Еще несколько портретов зашевелились. Охваченный ужасом при мысли, что его будут расспрашивать, Гарри пересек комнату и дернул за дверную ручку. Она не повернулась. Он был заперт внутри.
— Я надеюсь, это означает, — сказал тучный, красноносый колдун, чей портрет висел на стене позади директорского стола, — что Дамблдор скоро к нам вернется?
Гарри обернулся. Колдун рассматривал его с большим интересом. Гарри кивнул и снова дернул за дверную ручку, но она осталось неподвижной.
— Чудесно, — сказал волшебник. — Без него было весьма тоскливо, воистину, весьма тоскливо.
Он восседал на похожем на трон стуле, на котором он был нарисован, и приветливо улыбался Гарри.
— Дамблдор, очень высоко вас ценит, о чем вы, уверен, знаете, — сказал он успокаивающе. — Да, он вас очень уважает и ценит.
Ощущение вины, которое заполняло всю грудную клетку Гарри подобно чудовищному, тяжкому паразиту, заставило его душу корчится и извиваться. Гарри не мог больше терпеть это, он не мог больше оставаться самим собой, он никогда так остро не ощущал себя заточенным внутри своей собственных головы и тела, никогда ему так страстно не хотелось быть кем-нибудь другим…
Пустой камин взорвался изумрудно-зеленым пламенем. Гарри отскочил подальше от двери, уставившись на человека, вращающегося за решеткой. Когда из пламени появилась высокая фигура Дамблдора, колдуны и ведьмы на стенах вокруг активно зашевелились, многие из них издавали приветственные крики.

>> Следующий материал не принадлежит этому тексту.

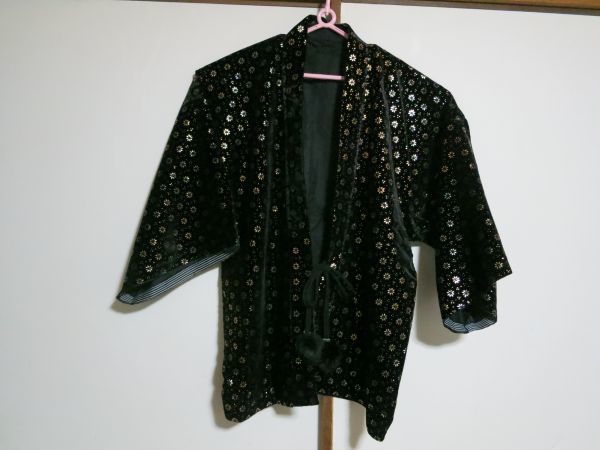 - 1点物 半纏 黒x金 花柄 はんてん ハンドメイド 手作り レトロ オリジナル 鬼滅の~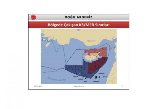 Οι πολιτικές και νομικές θέσεις της Τουρκίας εξηγεί με χάρτες τις θαλάσσιες ζώνες που διεκδικούν όλες οι πλευρές στην ανατ. Μεσόγειο, συμπεριλαμβανομένης της Ελλάδας, της Κυπριακής Δημοκρατίας αλλά και του ψευδοκράτους.

— Спасибо, — мягко произнес Дамблдор.
Он не посмотрел на Гарри, вместо этого он направился к насесту около двери, вынул из внутреннего кармана своей мантии крошечного, уродливого, неоперенного Фоукса, и бережно поместил в поднос мягкого пепла под золотым насестом, на котором обычно сидел полностью выросший Фоукс.
— Ну что же, Гарри, — сказал Дамблдор, отворачиваясь наконец от птенца, — ты будешь рад услышать, что ни один из твоих друзей-учеников не пострадал серьезно в результате ночных событий.
Гарри попробовал сказать «Хорошо», но не издал ни звука. Ему казалось, что Дамблдор напоминает ему о том, сколько вреда он причинил, и хотя Дамблдор на этот раз смотрел прямо на него, и взгляд у него был скорее доброжелательный, чем обличительный, Гарри не мог встретиться с ним глазами.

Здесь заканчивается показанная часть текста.